Stephanie Sy reports from Portland on what's working and, notably, what's not working with the law that advocates hoped could change drug enforcement.
STEPHANIE SY: In downtown Portland, under a light rain, a small crowd gathers for what's become an annual event, remembering those who have died from drug overdoses and those who have survived them.
HAVEN WHEELOCK, Outside In: I hate with all my heart that it gets bigger every year.
STEPHANIE SY: In the last year alone, over 1,400 Oregonians have succumbed to overdoses, fueled largely by the explosion of the powerful synthetic opioid fentanyl.
HAVEN WHEELOCK: Fentanyl has really changed the game.
STEPHANIE SY: Haven Wheelock is the drug users health services supervisor for Outside In, a nonprofit in Portland.
HAVEN WHEELOCK: They will dispose of any used injection equipment they have.
STEPHANIE SY: The services include distributing safer injection supplies like clean needles, but also glass pipes and tests that detect fentanyl in other drugs.

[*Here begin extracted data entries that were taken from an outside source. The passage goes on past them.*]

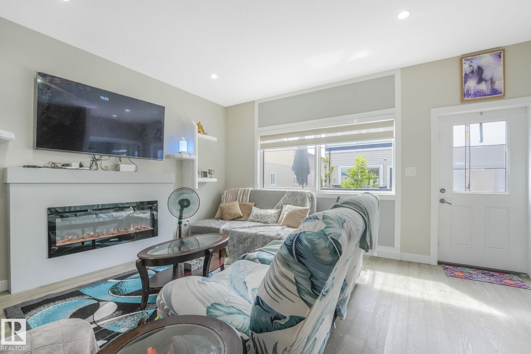 Welcome to Landara in Laurel! This 1,463 + sqft CORNER UNIT townhome offers a bright open floor concept with the living room featuring a modern tile surround fireplace, big windows, a spacious dining area, a contemporary island kitchen w/ lots of cabinetry for storage and stainless steel appliances, a 2-pc bath and office/den in the partial basement that can be used a s a bedroom! The upper floor offers 3 huge bdrms including the Primary bdrm w/ a 4-pc ensuite w/ a soaker tub. The laundry area is conveniently located upstairs! Enjoy the GREEN VIEW from your front patio plus minutes walk to the park and man-made lake! Close to schools, shopping, transportation, parks and playground. This is the perfect home for first time home buyers and a sound investment for those wanting to build their real estate portfolio!
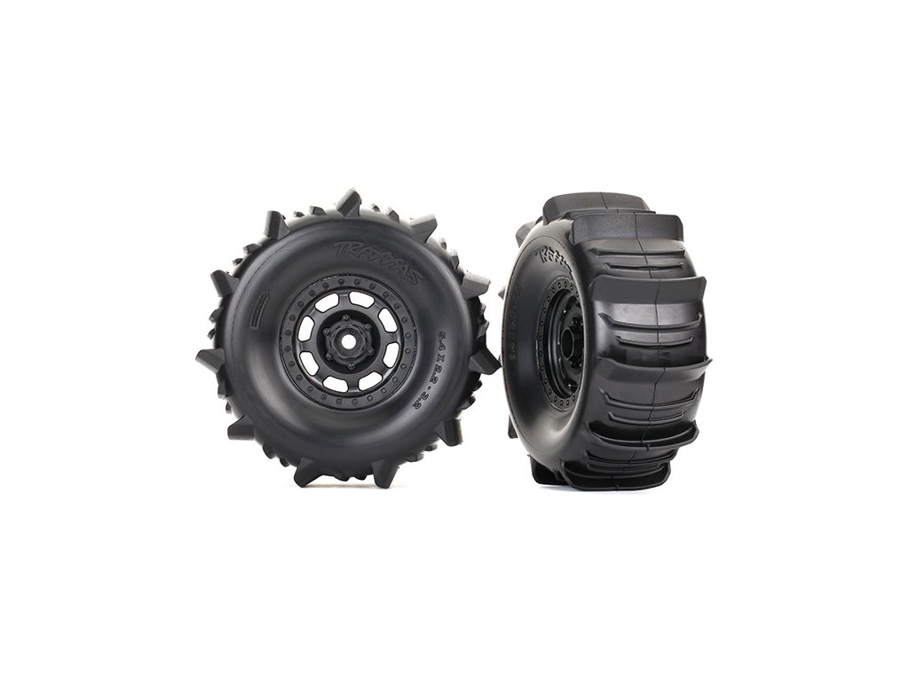 Kompletní univerzální kola pro Traxxas Unlimited Desert Racer. Černé disky Desert Racer® s lopatkovými pneumatikami (2 ks v balení). Paddle tires-lopatkové pneumatiky jsou vhodné do písku, sněhu nebo pro jízdu po vodní hladině.
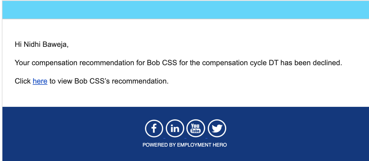 スクリーンショット 2023-11-06 午後4.07.59.png Recommender having their compensation recommendation declined Email and a bell notification in platform. Recommender email.
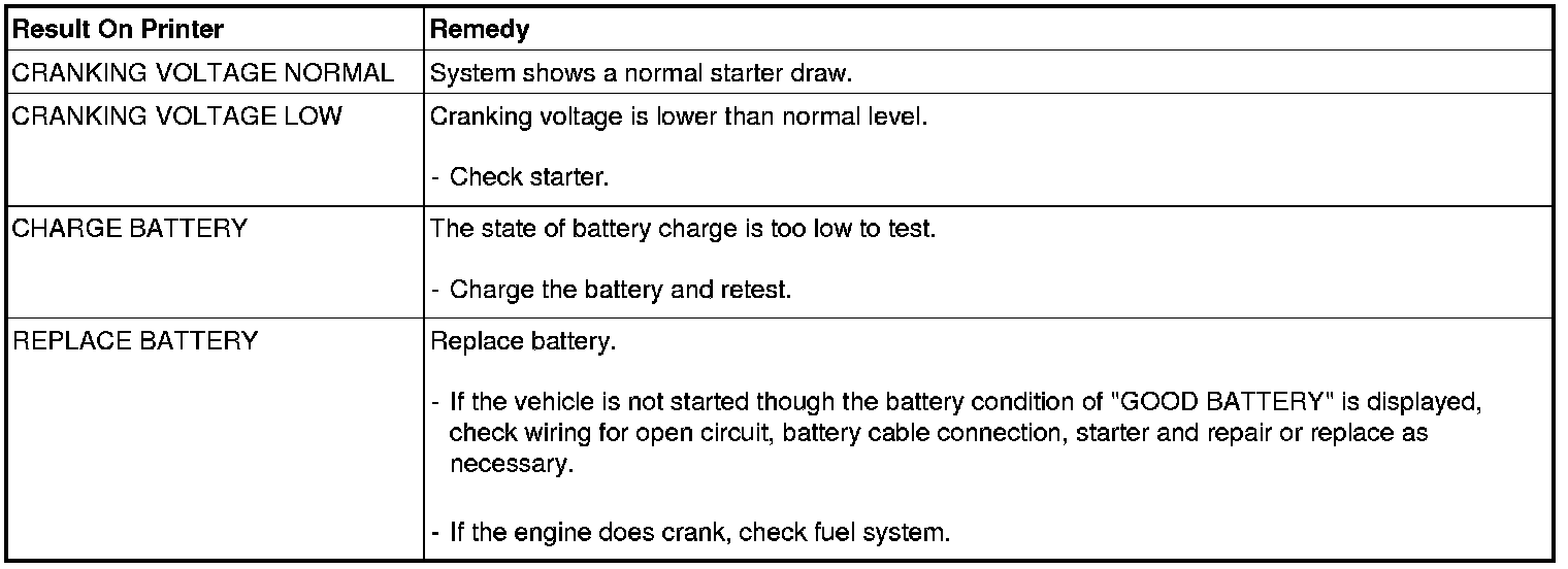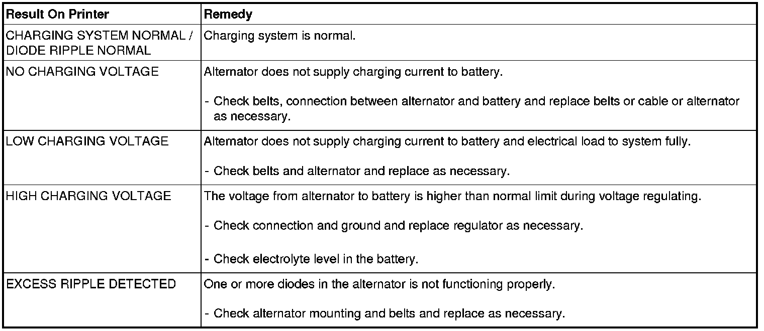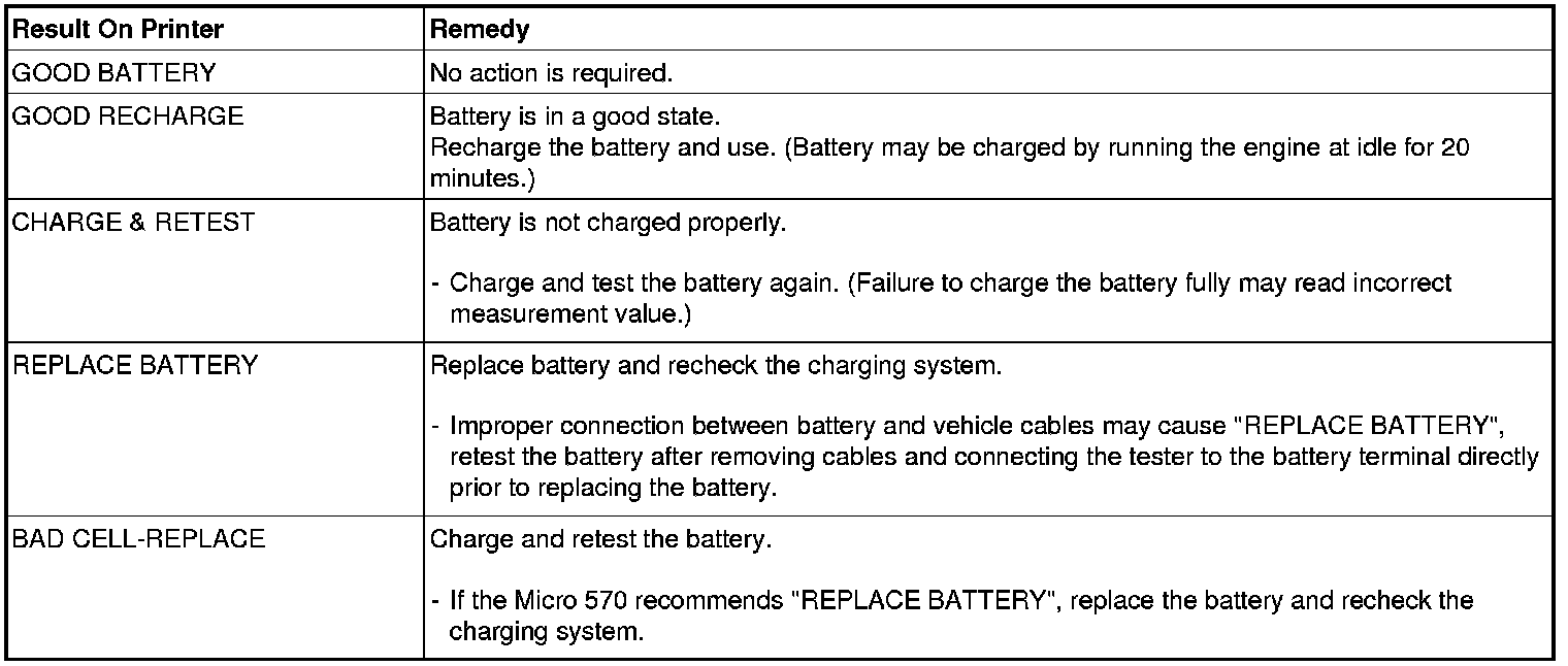 Shut off engine end disconnect the tester clamps from the battery. Refer to the following table and take the appropriate action as recommended by the Micro 570.
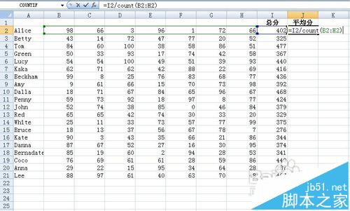 1、将光标移动到J2单元格,如下图示。输入函数=I2/count(B2:H2) 按Enter键 然后将鼠标下拉 方法同步骤2 得到的结果下图所示
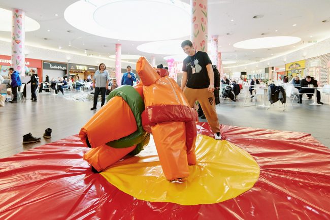 При подготовке этого события мы получили от заказчика (М5 Молл Рязань) общую концепцию: 23 февраля необходимо превратить торгово-развлекательный центр в площадку настоящих мужских развлечений. Мы придумали детали и механику события: пять интерактивных площадок, за успешное прохождение которых участники могут получить игровые жетоны. Их можно обменять на призы возле главной сцены…
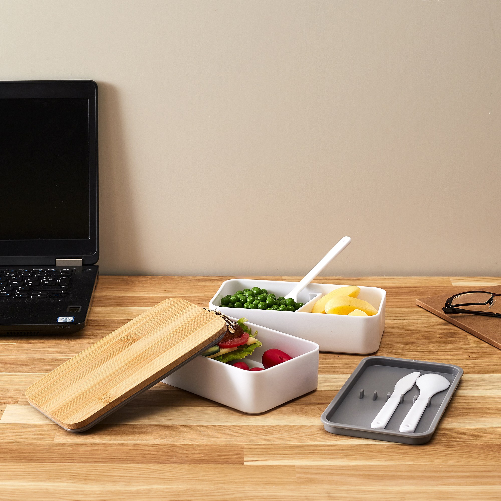 Lunch Box 2 Niveaux Avec Bande Elastique Marron, Blanc, Gris
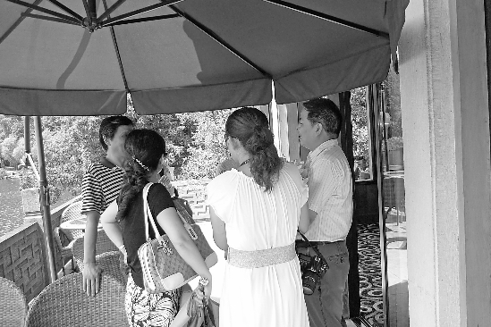 來(lái)到19年前跳水救人的現(xiàn)場(chǎng),項(xiàng)先生(右一)依然很低調(diào)。他不愿正面面對(duì)鏡頭,這是本報(bào)記者偷拍下的一張照片。
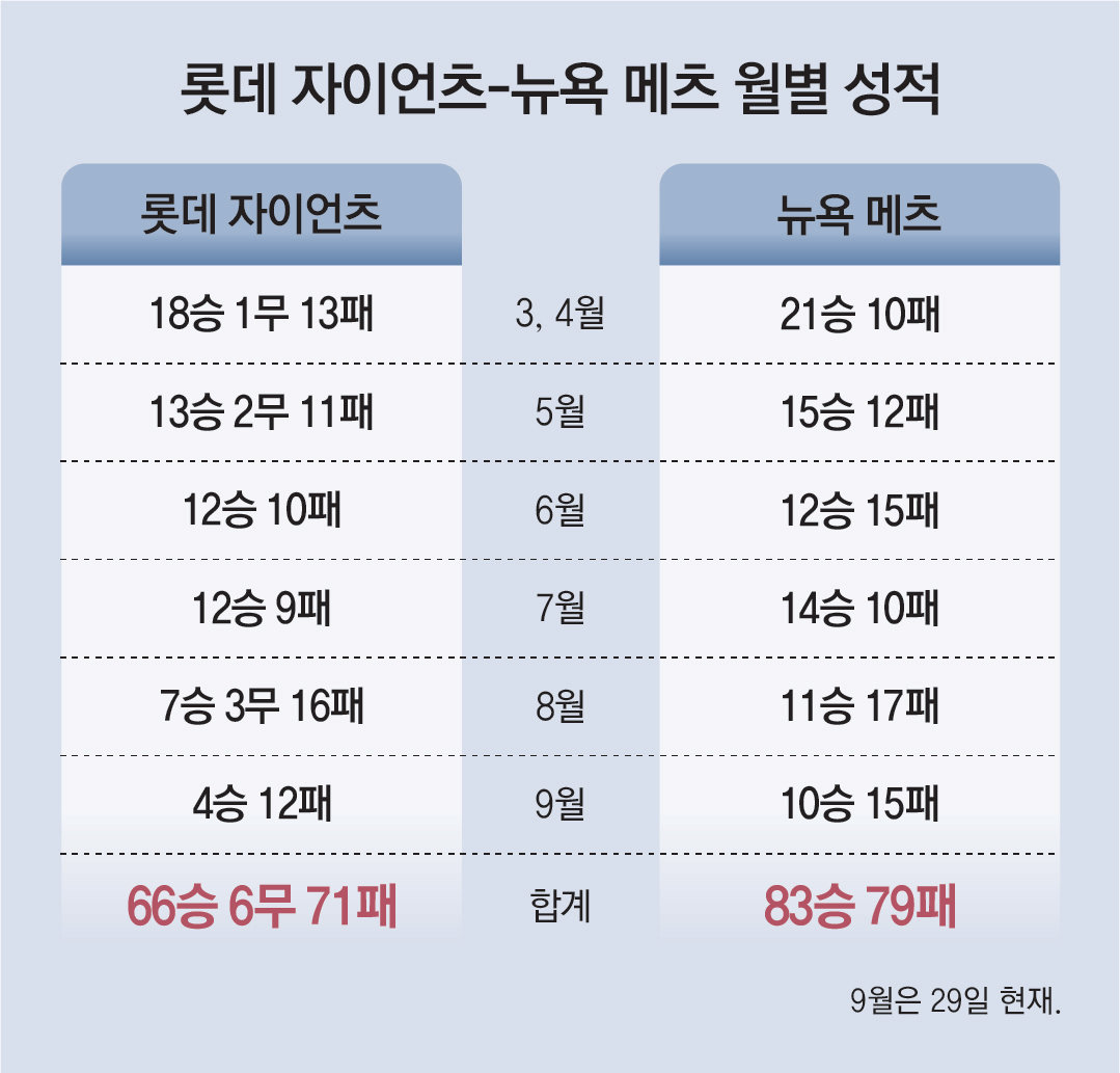 하지만 결과적으로 두 팀 모두 가을 야구 무대에 초대받지 못했다. 지난달 12연패를 당한 롯데는 8, 9월에 11승 3무 28패(승률 0.282)로 무너졌다. 메츠도 같은 기간 21승 32패(승률 0.396)에 그쳤다.

Narcan, the opioid overdose reversal drug, is also available.
HAVEN WHEELOCK: Smoking supplies are definitely our biggest draw currently.
STEPHANIE SY: Harm reduction services like these are a cornerstone of Measure or M 110.
The law also allocated funding from legal marijuana sales taxes to organizations like Outside In.
HAVEN WHEELOCK: Measure 110 has done a lot for our community, and it's only going to do more as we move forward.
We're moving to this new system that is centering health and hope.
STEPHANIE SY: But since the law went into effect, overdose deaths in Oregon have risen by 66 percent.
Advocates say the problem is fentanyl, not decriminalization, and point out nearby cities like Seattle have also seen large increases in drug overdoses.
MONTA KNUDSON, Executive Director, Bridges to Change: We passed M110 at the worst possible time, because we can't pull apart, what is COVID impact that comes from 50 years of disinvestment because of the war on drugs, and then we have decrim that happened at the same time.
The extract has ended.